Another frequently mutated gene is YPL217C (BMS1). This gene together with its neighbor are also located on the network (red boxed). These genes together with its mutated neighbors from the prioritized list forms a second recurrently mutated subcluster.

  1. YPL217C (BMS1 - mutated frequently): GTPase required for ribosomal subunit synthesis and rRNA processing; required for synthesis of 40S ribosomal subunits and for processing the 35S pre-rRNA at sites A0, A1, and A2; interacts with Rcl1p, which stimulates its GTPase and U3 snoRNA binding activities; has similarity to Tsr1p
  2. YBL004W (UTP20 - mutated twice): Component of the small-subunit (SSU) processome; SSU processome is involved in the biogenesis of the 18S rRNA
  3. YLR409C (UTP21) (mutated once): Subunit of U3-containing 90S pre-ribosome and SSU processome complexes; involved in production of 18S rRNA and assembly of small ribosomal subunit; synthetic defect with STI1-Hsp90 cochaperone; human homolog linked to glaucoma; Small Subunit processome is also known as SSU processome.
  4. YPL090C (RPS6A - mutated twice): Protein component of the small (40S) ribosomal subunit; homologous to mammalian ribosomal protein S6, no bacterial homolog; phosphorylated on S233 by Ypk3p in a TORC1-dependent manner, and on S232 in a TORC1/2-dependent manner by Ypk1/2/3p; RPS6A has a paralog, RPS6B.
  5. YBL072C (RPS8A - mutated once): Protein component of the small (40S) ribosomal subunit; homologous to mammalian ribosomal protein S8, no bacterial homolog; RPS8A has a paralog, RPS8B, that arose from the whole genome duplication
  6. YMR128W (ECM16- mutated once): Essential DEAH-box ATP-dependent RNA helicase specific to U3 snoRNP; predominantly nucleolar in distribution; required for 18S rRNA synthesis.

The sub-networks indicated with the blue and red boxes are also the sub-networks that receive the highest edge width (in the online visualization) or lowest opacity in the html offline visualization.

Some of the infrequently mutated genes (those that received e.g. rank 6), that appear to have been mutated only once in the population and that are not located in a cluster of frequently mutated genes are likely passengers. At the least stringent cost, passengers can get connected spuriously.

*e.g.
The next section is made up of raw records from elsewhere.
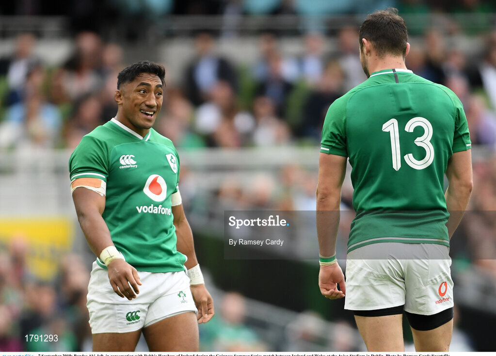 7 September 2019; Bundee Aki, left, in conversation with Robbie Henshaw of Ireland during the Guinness Summer Series match between Ireland and Wales at the Aviva Stadium in Dublin. Photo by Ramsey Cardy/Sportsfile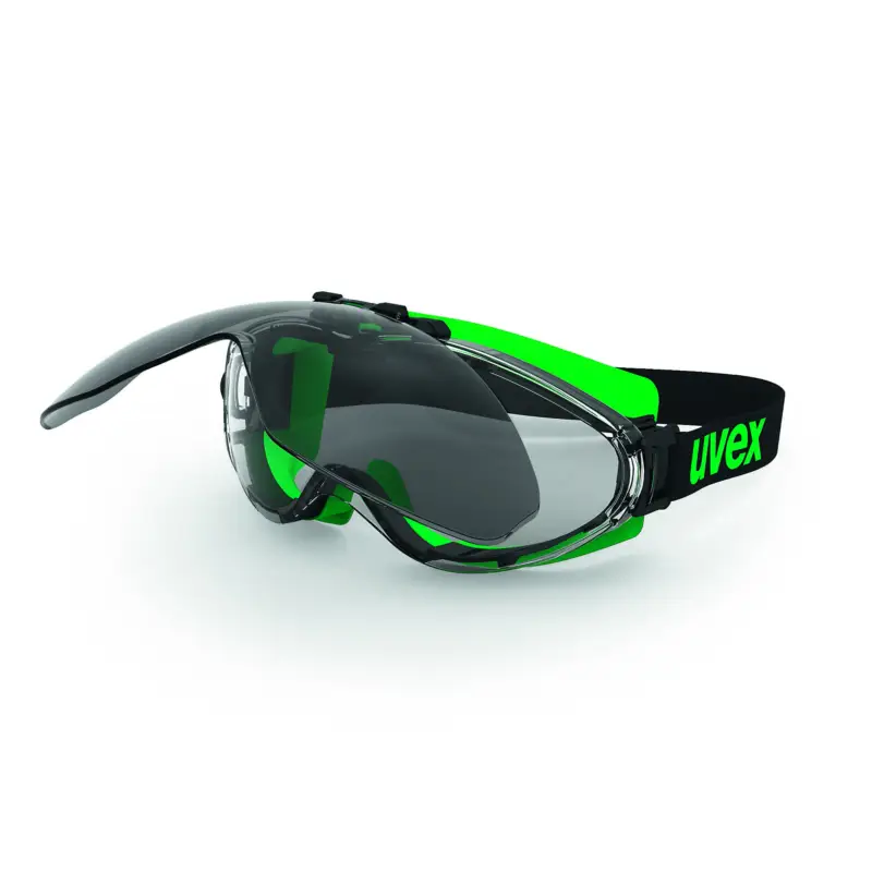 Lasgoggle met blanke lens en Supravision HC-AF coating (extreem krasbestendig aan de buitenzijde en voorkomt aandampen aan de binnen zijde. 100% UV-bestendig). Flip-uplens in grijs polycarbonaat met Infradur AF coating (biedt bescherming tegen schadelijke UV- en IR-straling bij lassen zonder daarbij kleuren te vervormen dankzij de grijze lens (EN 172). Met antidamp coating aan de binnenzijde en extreem krasbestendig aan de buitenzijde.).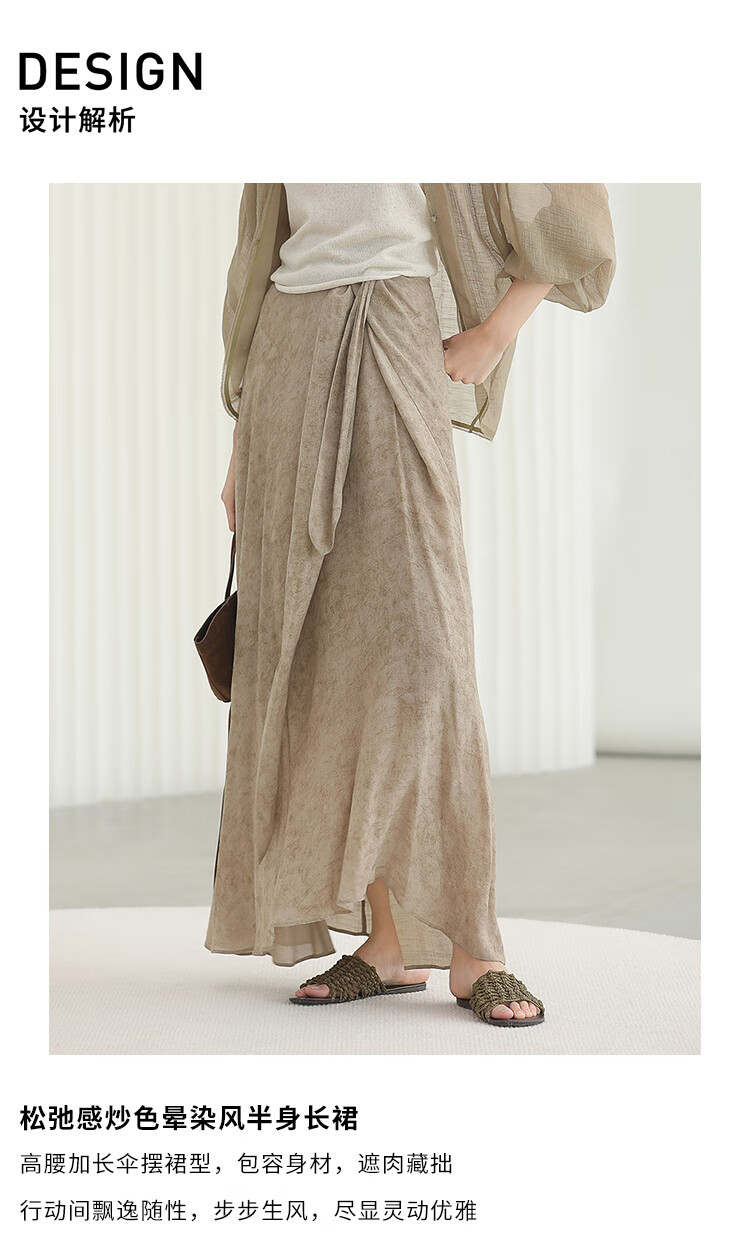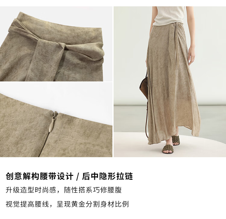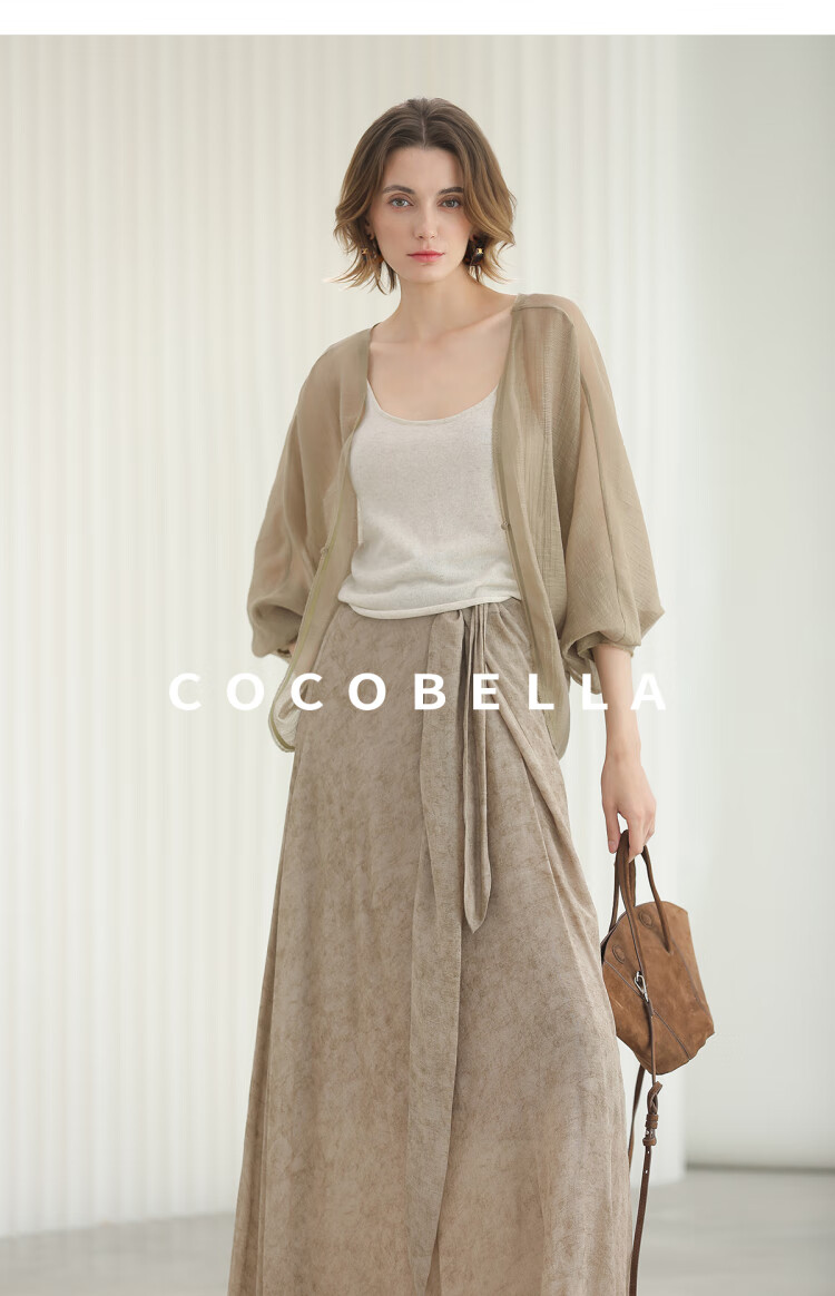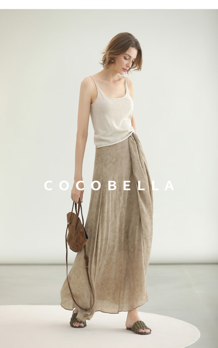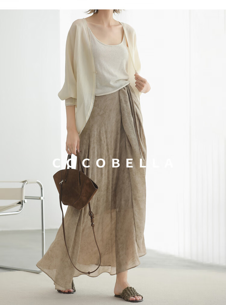 COCOBELLA新国风古法染色半身裙25夏不规则绑带长裙HS3031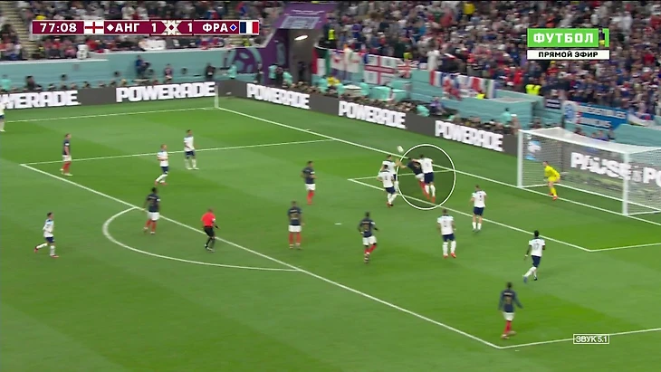 Франция сделала 7 подач с игры. В пяти из них мяч долетал до французского игрока. 4 ситуации завершились ударами. Из двух английских удачных попыток отбиться одна завершилась подбором и второй волной, в которой была успешная подача. Это невероятный уровень паники при кроссах.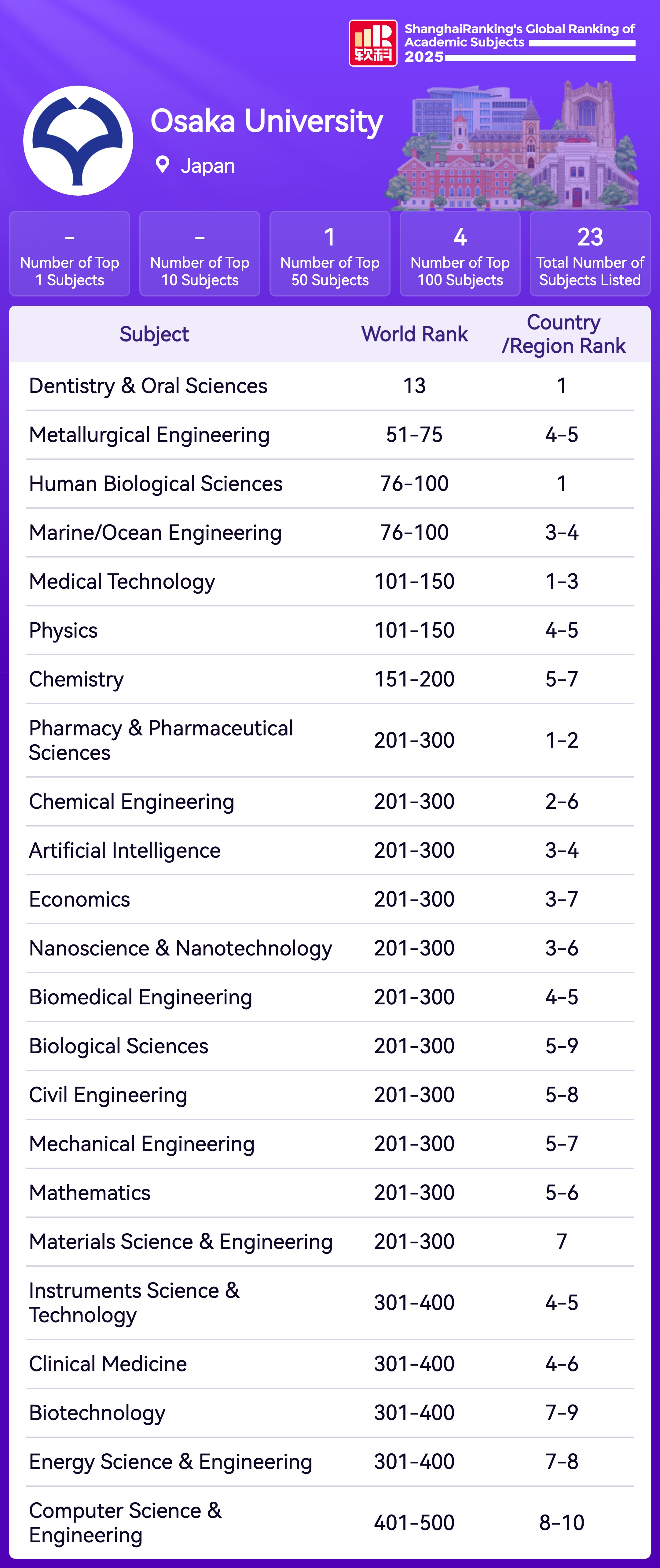 Rooted in Kaitokudo and Tekijuku, Osaka University (OU) was founded in 1931 through the passion of the people of Osaka. Since this beginning it has developed into establishment of scholarships and education, with the motto, “Live Locally, Glow Globally”. Today, Osaka University, with the incorporation of Osaka University of Foreign Studies, is a comprehensive research university, comprised of 11 schools, 15 graduate schools, four libraries, two university hospitals, 21 research institutes and facilities. Furthermore, we have four oversea centers in Berkeley (USA), Groningen (The Netherlands), Bangkok (Thailand) and Shanghai (China). The strengths and features of Osaka University are that it is one of the most innovative universities in Japan with outstanding research in many fields. [Cutting-edge and distinctive research in OU] Immunology, Integrated Frontier Research for Medical Science, Quantum Information and Quantum Biology, Symbiotic Intelligent Systems Research etc. In addition to the excellence of research, Osaka University has strongly promoted university-industry co-creation. Osaka University accepts the highest amount of joint research funds from industries of all universities in Japan. There are about 100 research laboratories and units sponsored by companies on campus.

YMR047C (NUP116 - mutated once): nup116FG-nucleoporin component of central core of the nuclear pore complex; contributes directly to nucleocytoplasmic transport and maintenance of the nuclear pore complex (NPC) permeability barrier; forms a stable association with Nup82p, Gle2p and two other FG-nucleoporins (Nsp1p and Nup159p); NUP116 has a paralog, NUP100, that arose from the whole genome duplication
The complete results for this run can be downloaded clicking here.

The example shows that IAMBEE finds as a recurrently mutated sub-network a set of genes that is involved in 90s preribosomal pathway which is in line with the results described in the original paper. Note that some of the genes described in the paper of Jerison et al could not be recovered in this run, mainly because they were not connected in the network. Therefore it is important to ensure that the ‘mutated genes’ are connected in the network, otherwise one might not be able to recover them.